◆ **Exercise requirements**:
Would you transcribe the whole listing exactly, minus its pictures?

◆ **Available data**:
.....
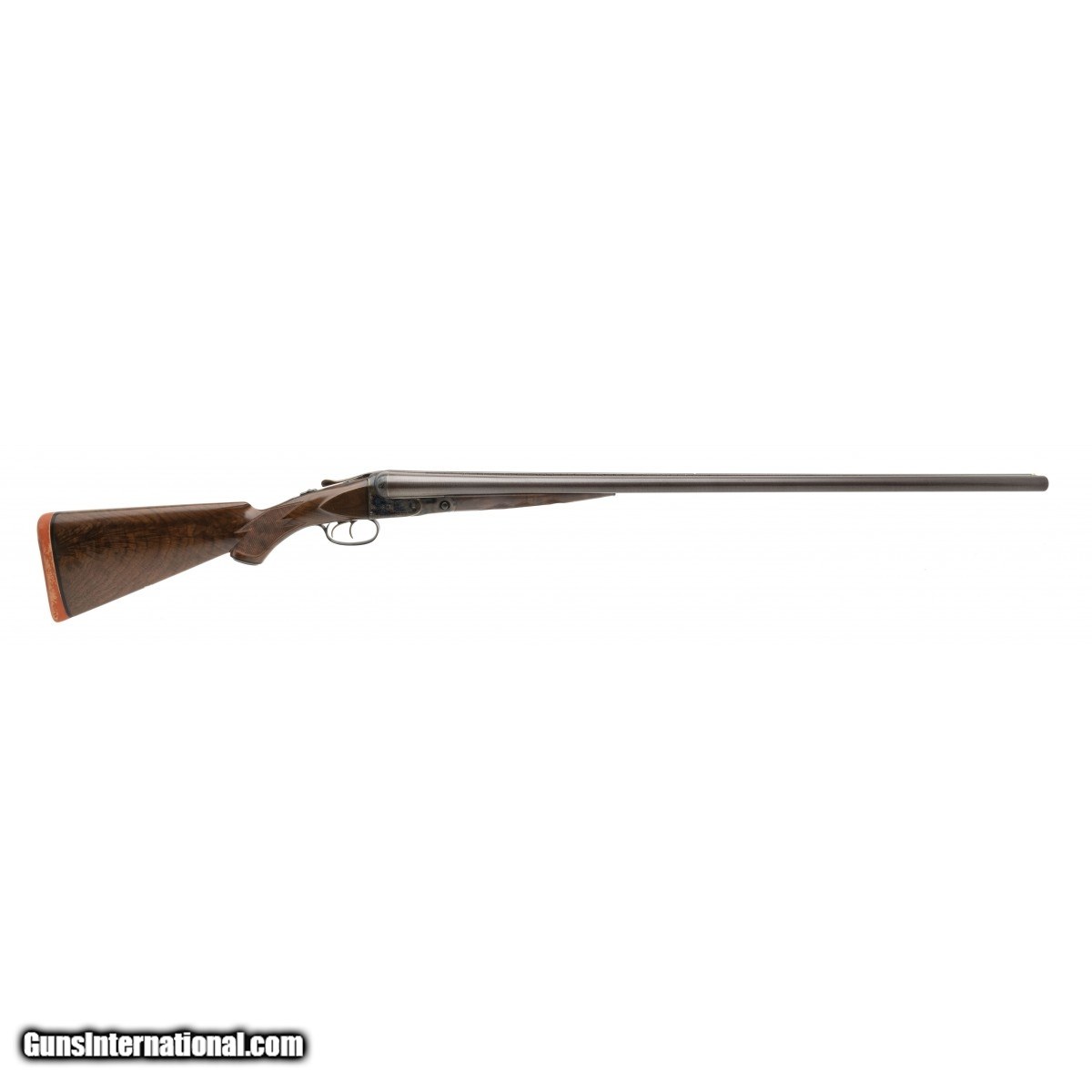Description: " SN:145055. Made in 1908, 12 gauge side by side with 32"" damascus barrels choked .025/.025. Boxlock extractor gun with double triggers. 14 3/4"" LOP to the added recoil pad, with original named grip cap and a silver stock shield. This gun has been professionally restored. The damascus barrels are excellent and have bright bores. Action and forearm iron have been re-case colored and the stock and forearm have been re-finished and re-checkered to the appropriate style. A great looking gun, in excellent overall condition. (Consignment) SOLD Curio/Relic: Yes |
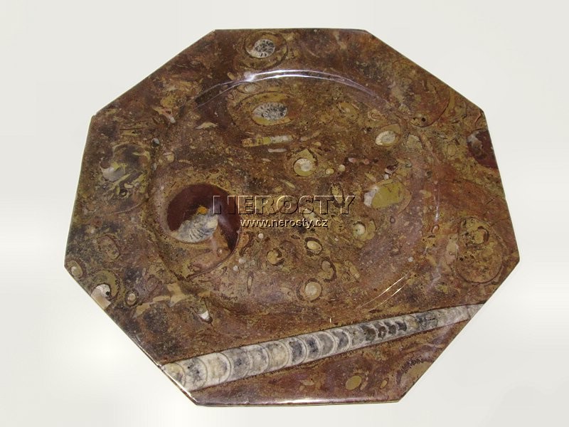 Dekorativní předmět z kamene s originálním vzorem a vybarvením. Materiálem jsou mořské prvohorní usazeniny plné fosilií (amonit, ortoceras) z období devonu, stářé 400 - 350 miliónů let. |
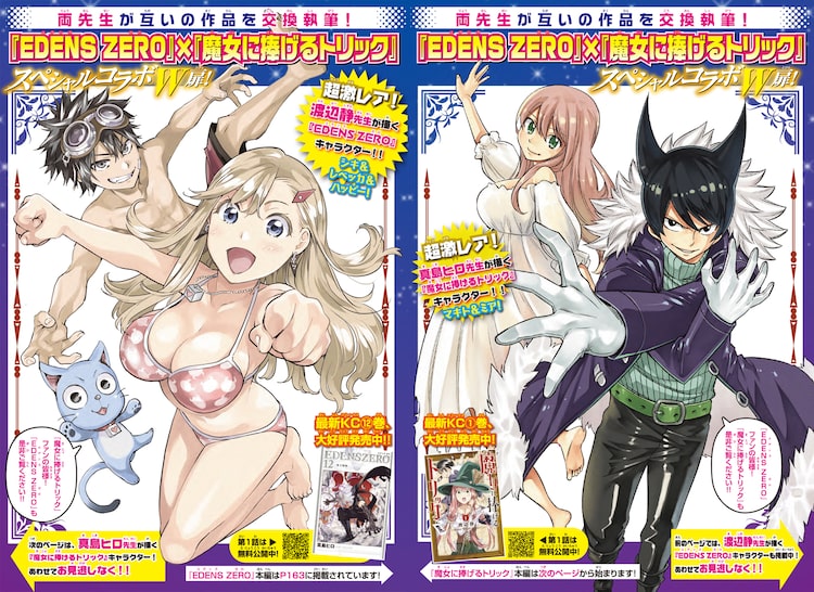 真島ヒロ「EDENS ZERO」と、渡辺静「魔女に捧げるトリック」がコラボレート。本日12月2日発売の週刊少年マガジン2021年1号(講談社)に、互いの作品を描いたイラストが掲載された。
.....
◆ **Task response**:
Description: " SN:145055. Made in 1908, 12 gauge side by side with 32"" damascus barrels choked .025/.025. Boxlock extractor gun with double triggers. 14 3/4"" LOP to the added recoil pad, with original named grip cap and a silver stock shield. This gun has been professionally restored. The damascus barrels are excellent and have bright bores. Action and forearm iron have been re-case colored and the stock and forearm have been re-finished and re-checkered to the appropriate style. A great looking gun, in excellent overall condition. (Consignment) SOLD Curio/Relic: Yes |
 Dekorativní předmět z kamene s originálním vzorem a vybarvením. Materiálem jsou mořské prvohorní usazeniny plné fosilií (amonit, ortoceras) z období devonu, stářé 400 - 350 miliónů let. |
 真島ヒロ「EDENS ZERO」と、渡辺静「魔女に捧げるトリック」がコラボレート。本日12月2日発売の週刊少年マガジン2021年1号(講談社)に、互いの作品を描いたイラストが掲載された。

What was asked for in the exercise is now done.